That’s all, please? Just enough to collect myself—

“Do you have family, Gabriel?” Edith asked.

Guiltily, Alice’s eyes detoured toward the sound of her sister’s voice, found Gabriel where he hadn’t been a second before

slouched against the kitchen doorjamb studying her. The orange she was about to slice spit juice into her face when she jammed the knife into it with more force than intended. Gabriel’s lips twitched. He winked wickedly at Alice. Alice dropped her gaze, embarrassed, then her natural ability to laugh at herself took control and she shrugged and grinned wryly back.

Gabriel lazily picked a paper napkin out of the holder on the table and blotted at the orange juice on Alice’s face. “I don’t have a family like this,” he told Edith.

“Nobody has a family like this.” Helen laughed. “It’s inflicted on you at birth.”

“Or by marriage,” George mumbled darkly, passing through.

Alice’s sisters sent one another secret grins and giggled. “Blame that on Grandma,” Twink called after him. She turned to Gabriel. “Ma always said Gram couldn’t abide children who were unChristian, unprincipled or boring.”

“Don’t you mean “or barren”?” Sam asked dryly.

“Sam!” Edith exclaimed in feigned shock.

“Edith!” Sam mimicked back.

“Don’t worry, Sam.” Helen slipped a theatrically comforting arm about Sam’s shoulders, then patted her sister’s still-flat belly. “Pregnant ladies are allowed aberrant comments and behavior. You’ll understand if we just ignore you for the next year or two, won’t you?”
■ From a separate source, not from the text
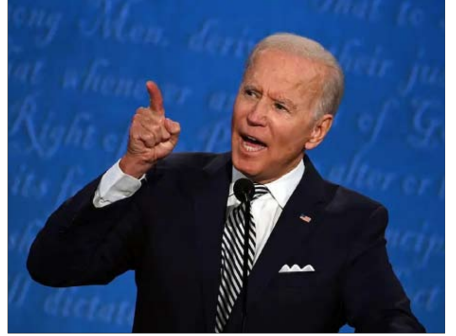
بايدن... حضور باهت على الوب

الأربعاء، تبرأت فيه من كل الحوارات مؤكدة رفضها القاطع التعامل مع الطرف الآخر، في تحد واضح لجهود الأمم المتحدة، وهو ما يطرح تساؤلات عن سبل تنفيذ أي اتفاقيات قد يتم التوصل إليها بين الأطراف المتحاربة، على الأرض. فقد أعلنت غرفة عمليات سرت الجفرة التابعة لقوات الوفاق والتي تسيطر على جزء من وسط ليبيا، رفضها لمخرجات "أي مؤتمر خارج ليبيا لا يلبى أهداف ثورة فبراير"، مشددة على أنها "لا تقبل الحوار مع من وصفها بالأمس بالإرهابيين مهما كانت الدوافع"، في إشارة إلى القائد العام للجيش الليبي خليفة حفتر. كما أكدت في بيان مصور، أنها لن تقبل "أن تكون مدينة أخرى غير طرابلس عاصمة لليبيا"، مشددة على أن "أي حوار ليبي يجب أن ينطلق من الاستفتاء على الدستور وإجراء انتخابات فقط،.

“In a pig’s eye,” Sam stated flatly.

“Bravo!” Twink cheered and added most of a can of black olives to the salad.

Gabriel’s hands were warm on Alice’s hips when he tossed the napkin down and eased himself around her. His breath was a moist tickle in her ear. “Hi,” he whispered. “Long time no touch. How you doin’?”

“Mmm.” Caught off guard, Alice smiled and instinctively arched her neck and sank back into his arms as though they’d never had the conversation in the hall. He made it easy, within the security and presence of all this family, to forget who she was and how scattered she felt—or that, when she was alone with him, her involuntary naturalness with him frightened
her
to death.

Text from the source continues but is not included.